Pages

.... Sebelum Pagi Tiba

Rabu, 15 Mei 2019



Mata Meriana menyapu seluruh sudut ruangan yang dihiasi cotton rope dengan selingan daun monstera berbagai ukuran. Sesekali juga matanya melihat batang kayu yang telah dililit lampu gantung berwarna orange. Jemari Meria kini tiba dibarisan foto hitam putih yang direkatkan pada dinding yang menembus sampai arah pintu keluar. Lambat, kakinya mengikuti barisan foto dua orang lelaki dan perempuan dengan balutan baju berwarna putih dan coklat tanah. Senyum keduanya di foto itu mengembang, ada lirikan mesra, ada tawa lepas sampai di foto terakhir hanya ada dua jemari yang telah dilingkari cincin perak dengan satu mata berlian di jemari perempuan. 
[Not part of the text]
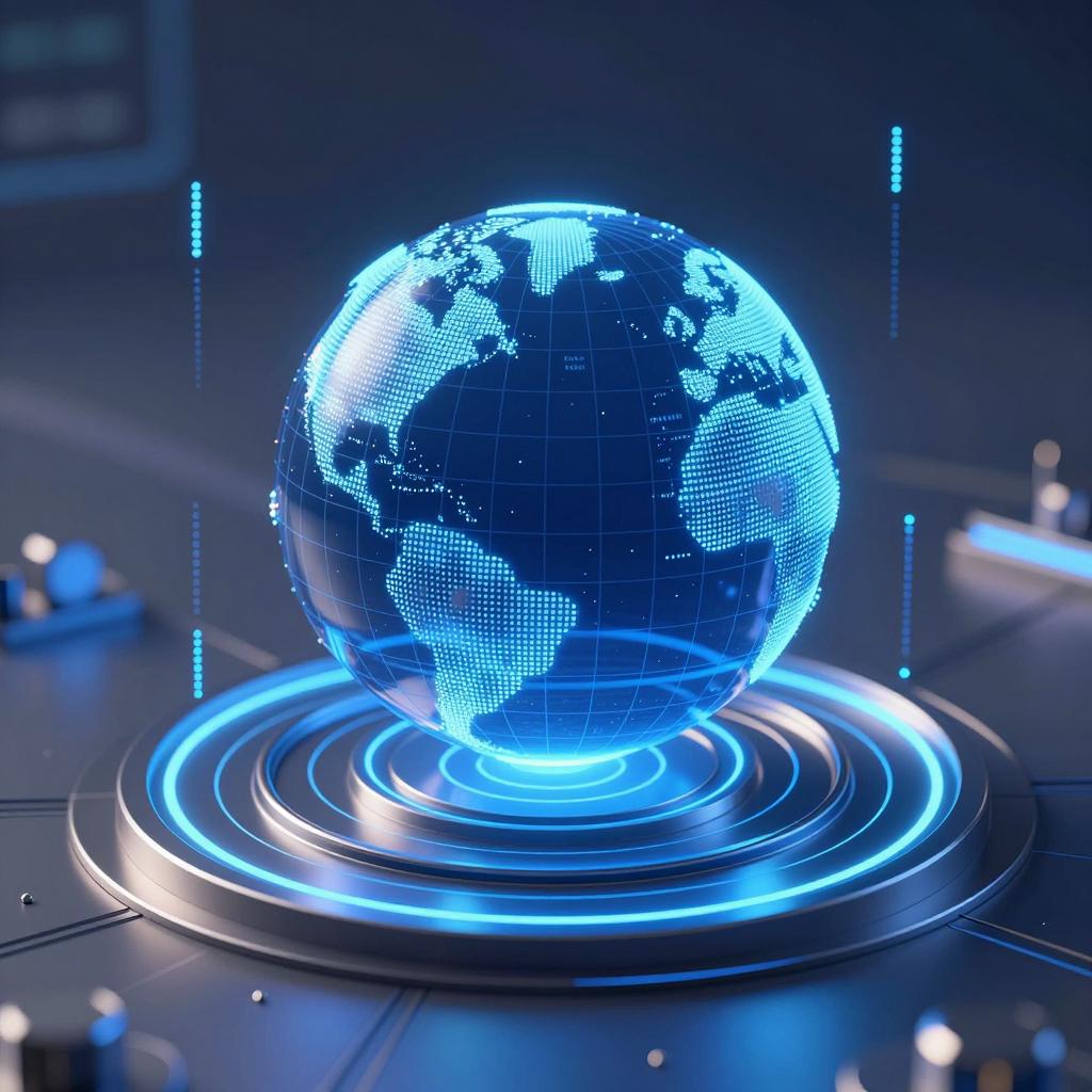High-quality 3D render of a glowing blue holographic sphere displaying a digital map of the Earth. The sphere is surrounded by circular light patterns and vertical data streams, symbolizing advanced AI data analysis and futuristic technology with metallic and digital grid textures in a dark setting.

Meriana mematung sementara kakinya satu langkah lagi menuju karpet putih, pandangannya tertuju pada meja dengan 6 buah kursi yang saling berhadapan. Seseorang di depan sana sedang sibuk mengatur penempatan bunga lili segar yang disimpannya di canvas bening. Jam menunjukan pukul 02.00, perempuan dihadapan Meriana belum mampu memejamkan matanya, padahal dia berhadapan dengan waktu yang selama ini dinantinya.
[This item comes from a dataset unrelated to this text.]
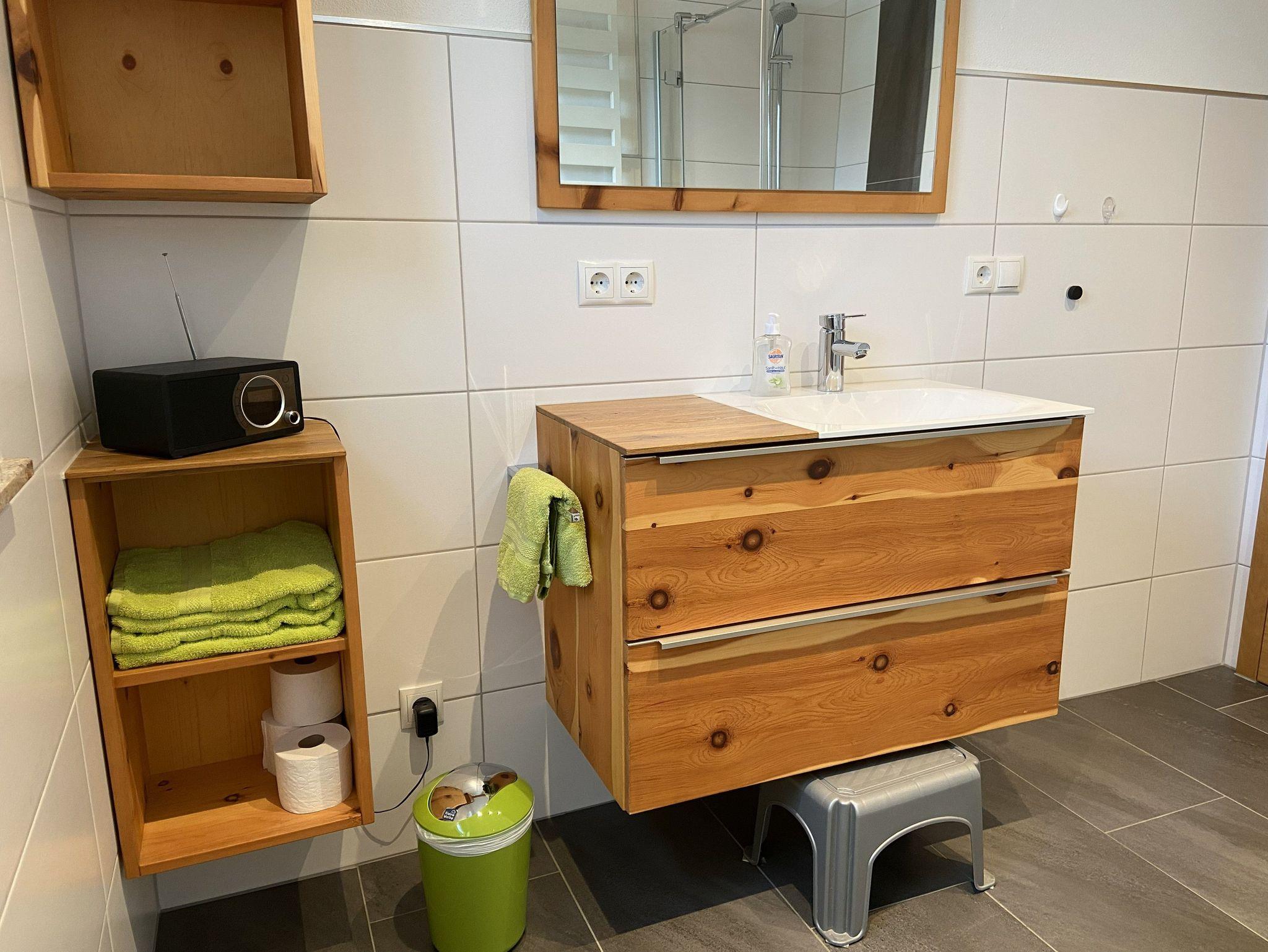 Das Bad ist mit DU/WC, Föhn, Handtuchtrockner und mit genügend Ablagemöglichkeiten eingerichtet.

 “Meriana.... kemana saja kamu? Bukannya janji datang sore, liat jam 2 malam kamu baru datang! Apa yang bisa kamu bantu kalau semuanya sudah selesai aku kerjakan. Dasar! Dari awal kamu yang berjanji akan gagalkan tema pernikahan dari vendor pilihan Mamaku itu, hahaha lihat semuanya sudah seperti yang kita mau”
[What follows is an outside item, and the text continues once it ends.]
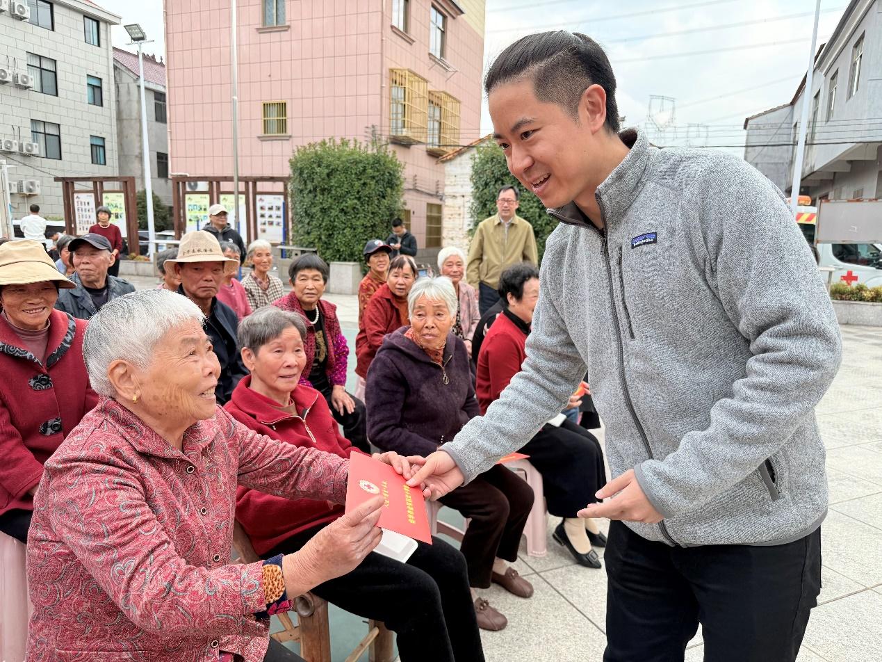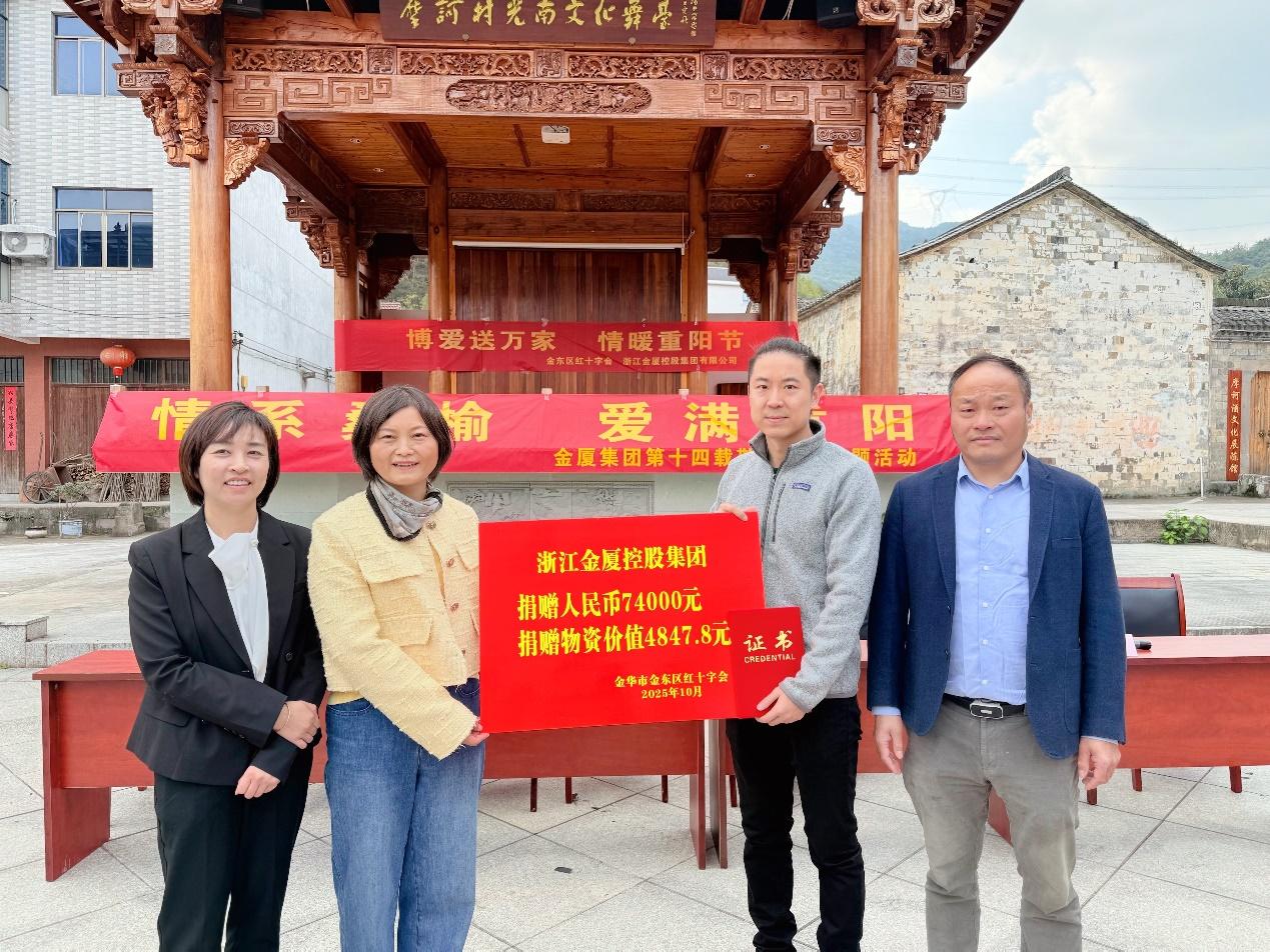 文化舞臺(tái)下,紅底黃字的“重陽(yáng)慰問(wèn)”橫幅早早就掛了起來(lái);辦公樓前,一袋袋米油碼得整整齊齊志愿者們忙忙碌碌穿梭其間,熟絡(luò)地給老人們剪指甲、梳頭發(fā)、嘮家常——1027日上午,金東區(qū)嶺下鎮(zhèn)摩訶村文化廣場(chǎng)上,洋溢著濃濃的節(jié)日氛圍。2025年重陽(yáng)節(jié)來(lái)臨之際,金廈集團(tuán)總裁傅融率集團(tuán)高層再次走進(jìn)摩訶村,帶著心意,赴這場(chǎng)持續(xù)了14年的“敬老之約”。

Meriana tidak membalas racauan dari sahabatnya itu, bibirnya hanya menyunggingkan senyum tipis. Badannya bergeser ke kanan, kakinya urung menginjak karpet putih, Meriana menjatuhkan badannya di atas rumput yang basah oleh embun. Sementara perempuan yang berjarak 3 meter di hadapannya kini berjalan mendekati lalu turut duduk bersampingan mengikuti Meriana memeluk lutut.
 “Kamu gak tidur, Car?”  Ucap Meriana penuh telisik
 “Mana bisa aku tidur, aku mau habiskan malam ini bareng kamu”
 “Lah, kalo ngantuk ya tidur aja kali, besok setelah akad kamu akan melewati perjalanan jauh”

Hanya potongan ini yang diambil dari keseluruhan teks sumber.